PROBLEM.
Should an entry contain an image, omit it and repeat the rest exactly.

Excerpts from a dataset:
--*--
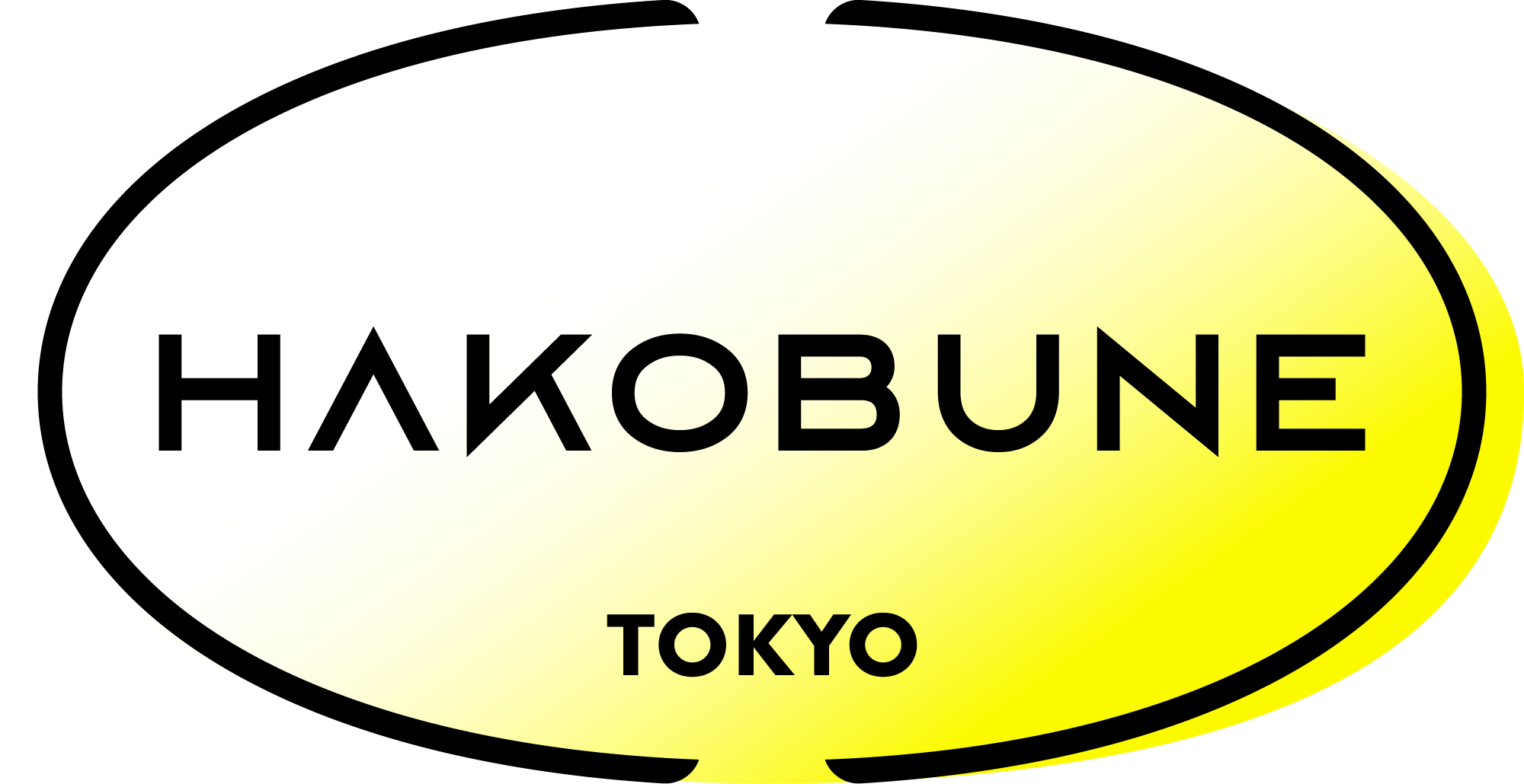 HAKOBUNEのロゴは、大人の品性とはみ出し者感を掛け合わせた表現のシンボルマークとなるデザインを意識して創り上げました。船を真上から見た造形をモチーフとし、上下の切れ目は入口と出口を表現、未知なる世界を表現する色として蛍光イエローをブランドカラーとしています。枠に収まらない「はみ出し者」を表現するため、グラフィティアートのような塗り色を使用し、世界に挑戦していく(旅していく)ことを見据え、TOKYO号を意味する表記を刻印したロゴに仕上がりました。(Design : 櫛間圭太)
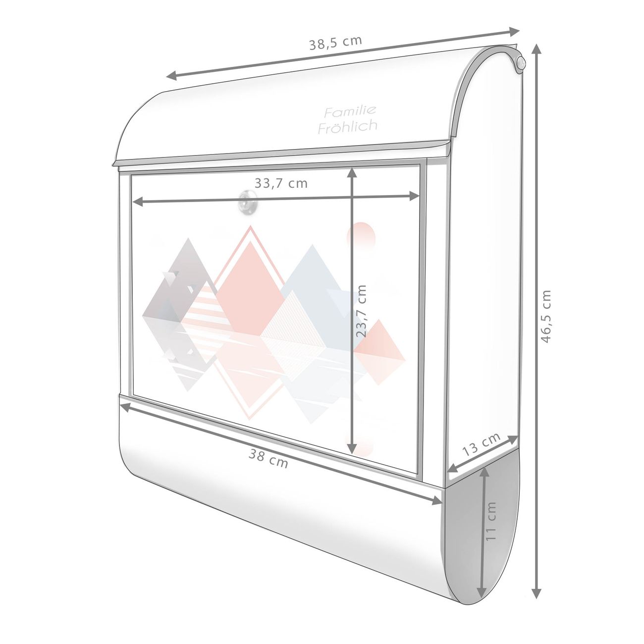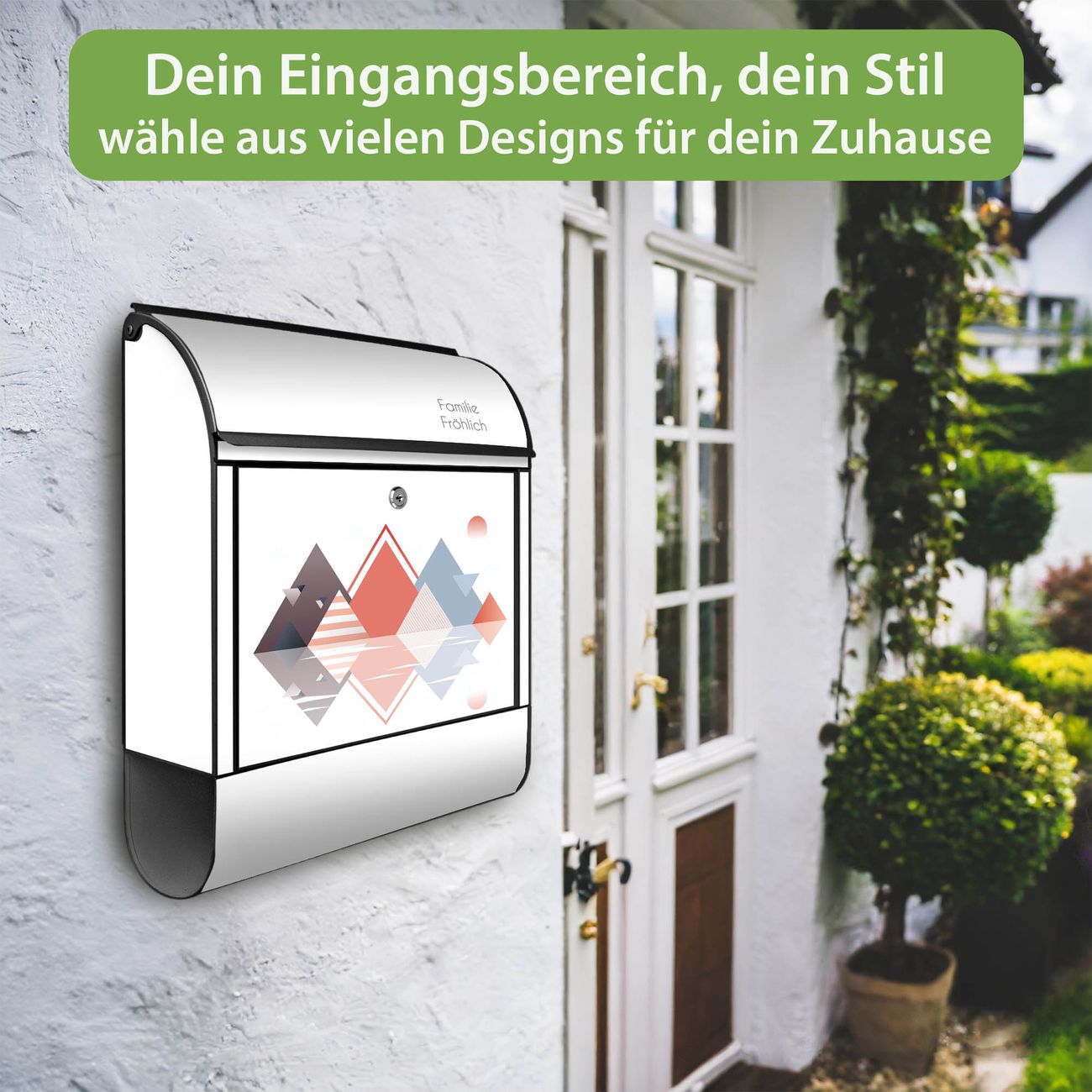 DESIGN: Der Postkasten mit Motiv Motiv Spiegelnde Geometrie hat ein sehr ansprechendes und ausgefallenes Design, damit entlocken Sie Ihren Nachbarn und dem Postboten ein Lächeln. Heben Sie Sich von der tristen grauen Masse ab, ohne auf Funktionalität zu verzichten. DETAILS: Der Postkasten besteht aus pulverbeschichtetem Stahl. Er ist 38x46x12,5cm groß. Das Motiv besteht aus einer wetter- und UV-resistenten Folie, die mit einem Schutzlaminat überzogen ist, sodass der Briefkasten zusätzlich vor Kratzern geschützt ist. Der Briefkasten wird mit Montagematerial, zusätzlich zwei Schlüssel sowie einer Bohrschablone geliefert. NUTZEN: Sie können diesen Briefkasten sowohl als Wandbriefkasten montieren oder einen passenden Ständer kaufen und als Standbriefkasten einbetonieren. Die Größe bietet genügend Platz für Sendungen aller Art, der Einwurf fasst auch größere A4 Sendungen. BANJADO: Ihr Briefkasten wird in Sachsen in einer kleinen Manufaktur von Hand veredelt. Die Motivfolie ist lösungsmittelfrei und schutzlaminiert für einen langen Halt. Wir legen großen Wert auf die Verbindung von Funktionalität und Design. Sie erhalten Handarbeit aus Sachsen.
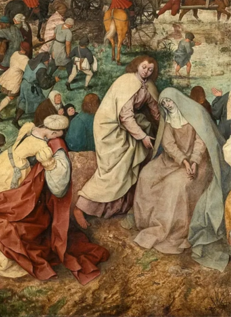 Питер Брейгель Старший, фрагмент, «Путь на Голгофу», 1564 // Питер Брейгель Младший, фрагмент, «Путь Христа на Голгофу», 1597
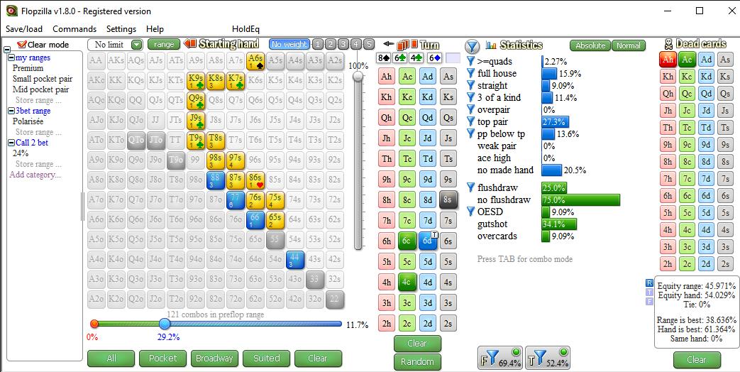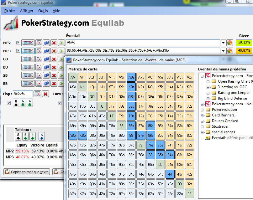 Okay avec cette range mais j’ai enlevé les A8o et s qu’il va iso raise pré-flop au BTN je pense quand même. Et j’ai ajouté A6s. Du coup, contre cette range on a 55% d’équité. 59 si on ajoute les A8. Maintenant, c’est son sizing quoi… :sick:
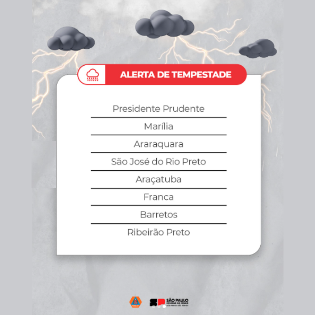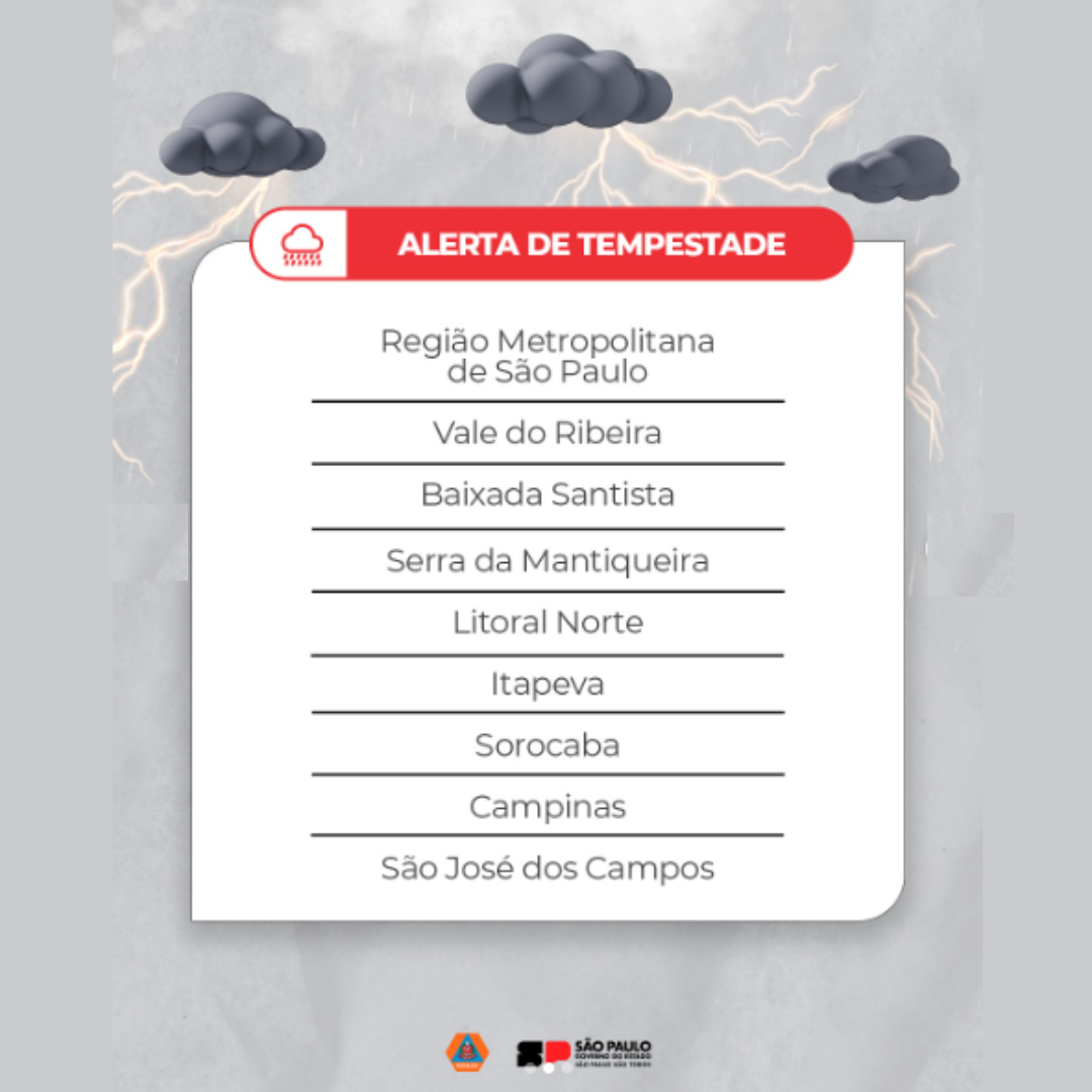 Entre domingo (08) e segunda-feira (09), o Estado de São Paulo enfrentará risco de fortes chuvas, com raios, rajadas intensas de vento e granizo.
--*--
RESPONSE FOR THIS EXERCISE.
 HAKOBUNEのロゴは、大人の品性とはみ出し者感を掛け合わせた表現のシンボルマークとなるデザインを意識して創り上げました。船を真上から見た造形をモチーフとし、上下の切れ目は入口と出口を表現、未知なる世界を表現する色として蛍光イエローをブランドカラーとしています。枠に収まらない「はみ出し者」を表現するため、グラフィティアートのような塗り色を使用し、世界に挑戦していく(旅していく)ことを見据え、TOKYO号を意味する表記を刻印したロゴに仕上がりました。(Design : 櫛間圭太)
 DESIGN: Der Postkasten mit Motiv Motiv Spiegelnde Geometrie hat ein sehr ansprechendes und ausgefallenes Design, damit entlocken Sie Ihren Nachbarn und dem Postboten ein Lächeln. Heben Sie Sich von der tristen grauen Masse ab, ohne auf Funktionalität zu verzichten. DETAILS: Der Postkasten besteht aus pulverbeschichtetem Stahl. Er ist 38x46x12,5cm groß. Das Motiv besteht aus einer wetter- und UV-resistenten Folie, die mit einem Schutzlaminat überzogen ist, sodass der Briefkasten zusätzlich vor Kratzern geschützt ist. Der Briefkasten wird mit Montagematerial, zusätzlich zwei Schlüssel sowie einer Bohrschablone geliefert. NUTZEN: Sie können diesen Briefkasten sowohl als Wandbriefkasten montieren oder einen passenden Ständer kaufen und als Standbriefkasten einbetonieren. Die Größe bietet genügend Platz für Sendungen aller Art, der Einwurf fasst auch größere A4 Sendungen. BANJADO: Ihr Briefkasten wird in Sachsen in einer kleinen Manufaktur von Hand veredelt. Die Motivfolie ist lösungsmittelfrei und schutzlaminiert für einen langen Halt. Wir legen großen Wert auf die Verbindung von Funktionalität und Design. Sie erhalten Handarbeit aus Sachsen.
 Питер Брейгель Старший, фрагмент, «Путь на Голгофу», 1564 // Питер Брейгель Младший, фрагмент, «Путь Христа на Голгофу», 1597
 Okay avec cette range mais j’ai enlevé les A8o et s qu’il va iso raise pré-flop au BTN je pense quand même. Et j’ai ajouté A6s. Du coup, contre cette range on a 55% d’équité. 59 si on ajoute les A8. Maintenant, c’est son sizing quoi… :sick:
 Entre domingo (08) e segunda-feira (09), o Estado de São Paulo enfrentará risco de fortes chuvas, com raios, rajadas intensas de vento e granizo.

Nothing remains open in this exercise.